Carol incluso se quedó unos instantes a hablar con la señora French, y Therese estaba admirada, pero ella no lo podía resistir, siguió su camino y esperó a Carol junto a los ascensores.

Arriba, Carol encontró el pequeño instrumento en un rincón bajo la mesita de noche. Cogió las tijeras y con ambas manos cortó el cable que desaparecía bajo la alfombra.

—¿Crees que los del hotel le habrán dejado entrar aquí? —preguntó Therese horrorizada.

—Probablemente debe de tener una llave maestra. —Carol arrancó el objeto suelto de la mesilla y lo tiró a la alfombra. Era una cajita negra con un trozo de cable—. Míralo, como un ratón —dijo—. Un retrato de Harge. —De pronto se ruborizó.

—¿Hasta dónde va?

—Hasta alguna habitación donde se graba. Probablemente al otro lado del pasillo. ¡Suerte de estas moquetas!

Carol le dio una parada al micrófono, lanzándolo hacia el centro de la habitación.

Therese miró la cajita rectangular y la imaginó tragándose sus palabras de la noche pasada.

—Me pregunto cuánto tiempo lleva aquí.

—¿Cuánto tiempo crees que puede llevar él aquí sin que le hayamos visto?

—Como máximo desde ayer. —Pero mientras lo decía se dio cuenta de que podía equivocarse. No podía controlar todas las caras que había en el hotel.

Y Carol sacudía la cabeza.

—¿Hubiera tardado dos semanas para seguirnos desde Salt Lake City?

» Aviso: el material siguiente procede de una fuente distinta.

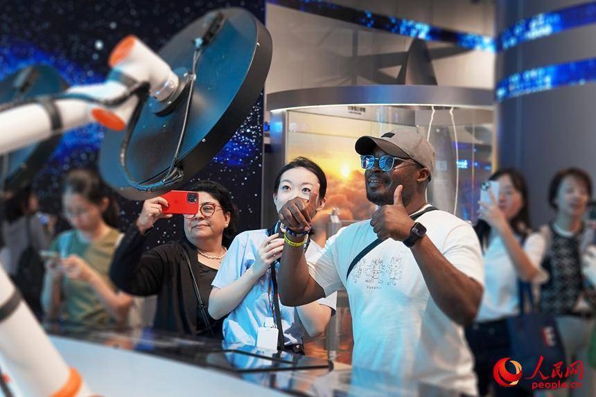 艾里士(前排右一)在深圳科学技术馆与AI小精灵互动。人民网 王星摄

No, sólo que esta noche ha decidido cenar con nosotras. —Carol se volvió de la estantería con una copa de brandy en la mano. El rubor le había desaparecido del rostro. Ni siquiera sonrió a Therese—. Qué tipo tan chapucero, ¿verdad? —Se sentó en la cama, se puso una almohada detrás y se tumbó—. Bueno, ya hemos estado bastante tiempo aquí, ¿no crees?

—¿Cuándo quieres que nos vayamos?

—Quizá mañana. Haremos el equipaje por la mañana y saldremos después de comer. ¿Qué te parece?

Más tarde, bajaron a dar un paseo en coche en la oscuridad, hacia el oeste. «No iremos más hacia el oeste», pensó Therese. No podía borrar el pánico que danzaba en su corazón y que le pareció que provenía de algo que ya había pasado hacía mucho tiempo, no de entonces, no de aquello. Estaba incómoda, pero Carol no. Carol no fingía calma, de verdad no estaba asustada. Dijo que, después de todo, él no podía hacerles daño, pero que a ella no le gustaba que la espiaran.

—Otra cosa —dijo—. Intenta averiguar qué tipo de coche lleva.

Aquella noche, buscando en el mapa de carreteras la ruta que harían al día siguiente, hablando como si fueran una pareja de extrañas, Therese pensó que seguramente aquélla no sería la última noche. Pero en la cama, cuando se dieron un beso de buenas noches, Therese sintió la repentina liberación de las dos, aquella respuesta saltarina en cada una de ellas, como si sus cuerpos estuvieran hechos de una materia que iba unida al deseo.